Carney lays everything on thick in this picture. The viewer is smothered by the onslaught of unnecessary exposition in the film's lengthy set up, and then nearly suffocates by the excessive delivery of its themes in the second half. What Carney doesn't seem to understand is that when you cast an name actor like Ruffalo, you don't need 15 scenes in the beginning to show us how near the end of his rope the character is. Ruffalo brings with him a persona and useful baggage from previous pictures that can convey this bottomed-out quality in a single minute of screen time. If Carney had cast an unknown or gone against type for this role, then maybe he would need some of these early scenes, but not all of them. Ruffalo is a fine actor but he gets buried in this material to the point where his character comes off like a bad caricature. There's a scene near the middle where he storms out of a diner and argues with Knightley about the pain of life that is so badly written it made me want to avert my eyes.

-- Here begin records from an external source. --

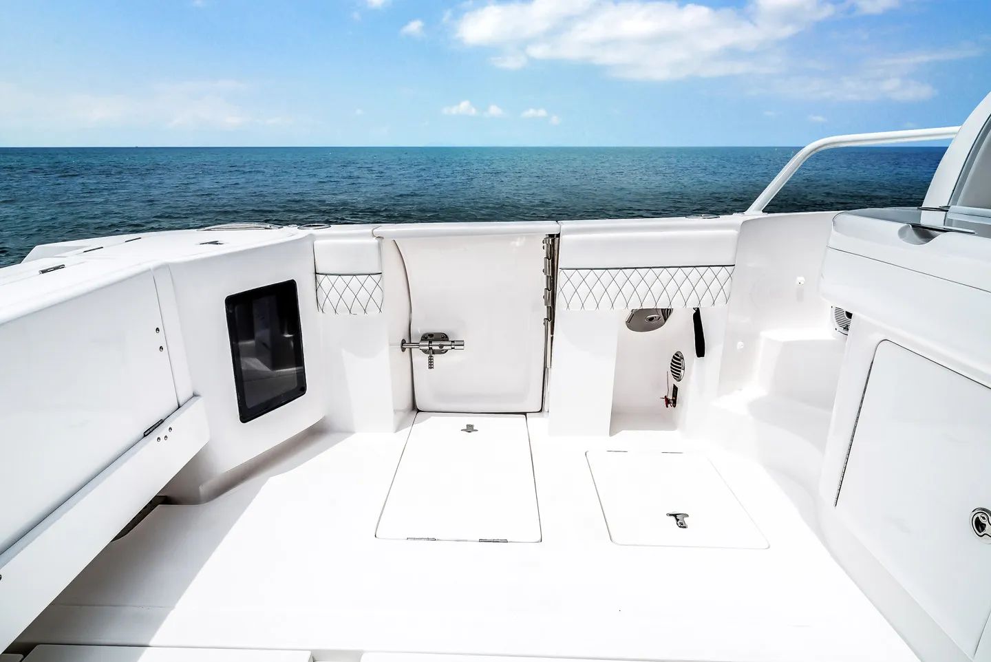 4 Port and Starboard aft above deck storage or optional rigged baitwells with windows makes fishing this aft cockpit more convenient and roomy by not stealing valuable cockpit space.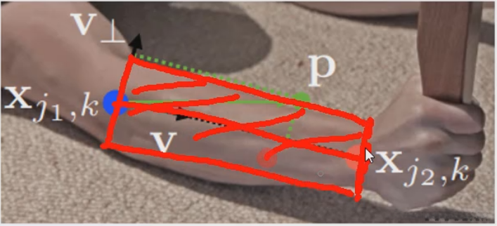 观察第二条处理方式可知,在计算各点处对应的向量时会进行归一化处理即除以模长这一步骤其目的是为了消除长度的影响仅保留方向信息因此生成单位向量能够更好地反映目标方向随后研究者通过分析图像特征确定了一组关键像素位置这些位置处的向量方向与v一致其余位置设值为零最终通过连接两端关键像素并构造一个具有特定宽度(该宽度由图中最后一条公式确定)的区域来识别手臂上的像素点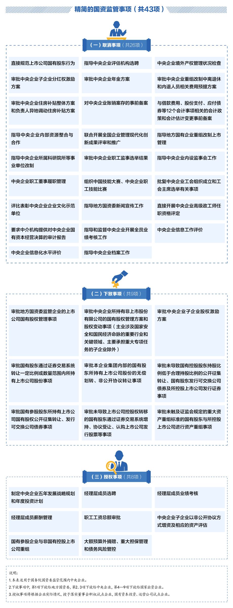 | 黨的十八大以來,國務(wù)院國資委認(rèn)真貫徹落實黨中央、國務(wù)院關(guān)于深化國有企業(yè)改革的決策部署,準(zhǔn)確把握國有資產(chǎn)監(jiān)管機構(gòu)的出資人代表職責(zé)定位,堅定不移深化國有企業(yè)改革,探索完善國有資產(chǎn)監(jiān)管體制機制,積極推進國有企業(yè)結(jié)構(gòu)調(diào)整、創(chuàng)新發(fā)展,為實現(xiàn)國有資產(chǎn)保值增值、防止國有資產(chǎn)流失、發(fā)展壯大國有經(jīng)濟作出了積極貢獻(xiàn)。但與此同時,國有資產(chǎn)監(jiān)督機制尚不健全,國有資產(chǎn)監(jiān)管中越位、缺位、錯位問題依然存在,亟需加快調(diào)整優(yōu)化監(jiān)管職能和方式,推進國有資產(chǎn)監(jiān)管機構(gòu)職能轉(zhuǎn)變,進一步提高國有資本運營和配置效率。4月27日,國務(wù)院辦公廳轉(zhuǎn)發(fā)《國務(wù)院國資委以管資本為主推進職能轉(zhuǎn)變方案》,明確提出調(diào)整優(yōu)化國資監(jiān)管職能,改進監(jiān)管方式手段,著力提高國有資本效率,增強國有企業(yè)活力。文件還明確了精簡的國資監(jiān)管事項共43項。 |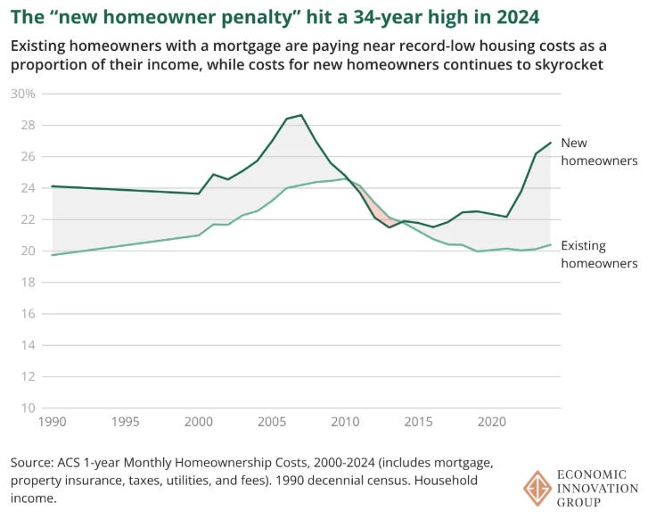 “New homeowners are now burdened with some of the highest housing costs in decades,” writes Jess Remington, “while existing homeowners — those who have owned their homes for longer than a year — are actually spending less on housing than in the past.” The new homeowner penalty, which refers to housing costs for new homeowners above those paid by existing homeowners, hit a 34-year high in 2024. Just as worrying is that too many of the housing policies favored by policymakers would widen the gap even further.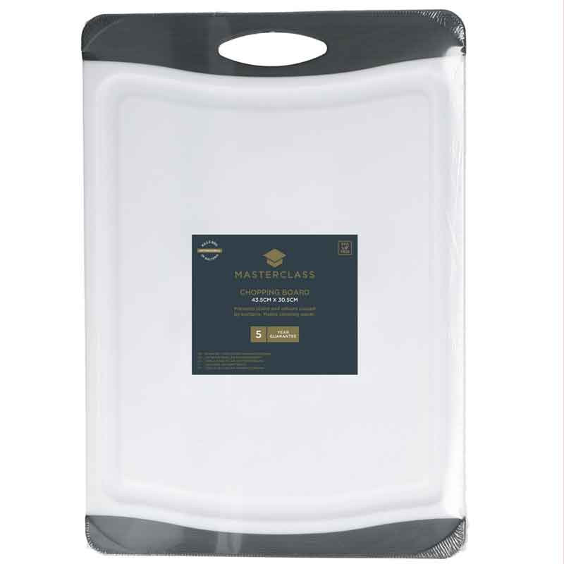 Denna hygieniska skärbräda från Masterclass är tillverkad av livsmedelsgodkänd polyeten och termoplastiskt gummi. Den har en giftfri yta som minskar bakterietillväxten med 99,9% och minimerar skador på köksknivar. Skärbrädan är dubbelsidig med ett smart handtag och en skåra längs kanten för enkel hantering och tömning av vätskor. Den halkfria ytan säkerställer stabilitet på köksbänken eller andra ytor.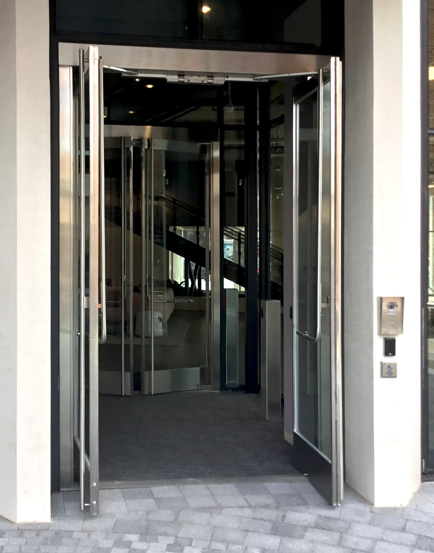 The specification of high-performance narrow stile balanced doors allowed for maximum glass use that contributed to an open atmosphere. The doors were installed at multiple different entrances across the first floor, including the main entryway to the building.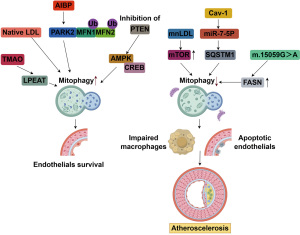 Differential effects of LDL and multiply modified low-density lipoprotein (mmLDL) on mitophagy: low-density lipoprotein (LDL) is a key initiator of AS, but its modified forms exert distinct effects on mitophagy. Bezsonov et al. (41) demonstrated that native LDL enhances mitophagy in both THP-1 and TCN521 cells, whereas mmLDL inhibits mitophagy in THP-1 macrophages but enhances it in TCN521 cells. This inhibition may occur through the activation of the mTOR pathway, suggesting that mmLDL suppresses mitophagy and contributes to mitochondrial dysfunction and plaque development. Additionally, variations in mtDNA genotypes may modulate this response, indicating a genetic basis for mitophagy heterogeneity in AS.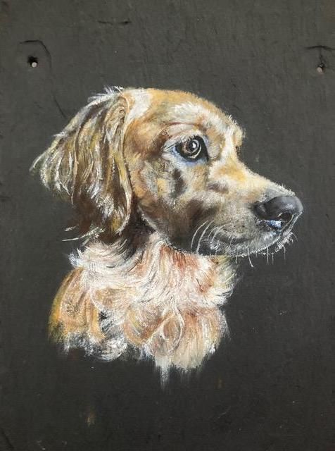 Gillian Edward, Dog Daze Acrylic on Reclaimed Slate 25 x 41 cms £120.00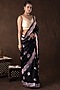 Featuring a black saree in pure katan silk base with floral hand embroidery. It is paired with an unstitched blouse piece. Accentuate it with traditional gold jewellery, a neatly tied bun adorned with fresh gajra and classic heels for a stylish ensemble, ideal for wedding ceremonies, traditional celebrations, or festive occasions.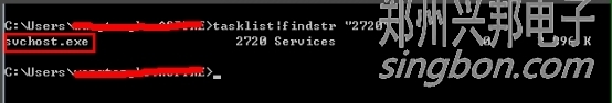 繼續輸入tasklist|findstr "2720",回車,查看是哪個進程或者程序占用了2720端口,結果是:svchost.exe

Fortunately, Knightley saves the scene (and many others) with her understated performance. Surprisingly, she is the film’s best aspect. When viewing the trailer or looking at the poster, Knightley might seem an odd choice for this type of role, but she rises to the occasion wonderfully and hits no false notes in both her singing and her depiction of the character. She has always been a splendid actress, and I'm continually shocked by how many people out there hate her. Maybe she's just too young, thin, and beautiful to be taken seriously, but I'm frankly in awe at how authentic she comes across in this completely artificial movie. Her soft, easygoing singing voice is also lovely--reminiscent of the lead singer in the ‘90s pop group The Sundays.
Begin Again features some catchy songs and a few strong scenes, but as a whole it comes across like a naïve film from the early ‘90s that has not aged well.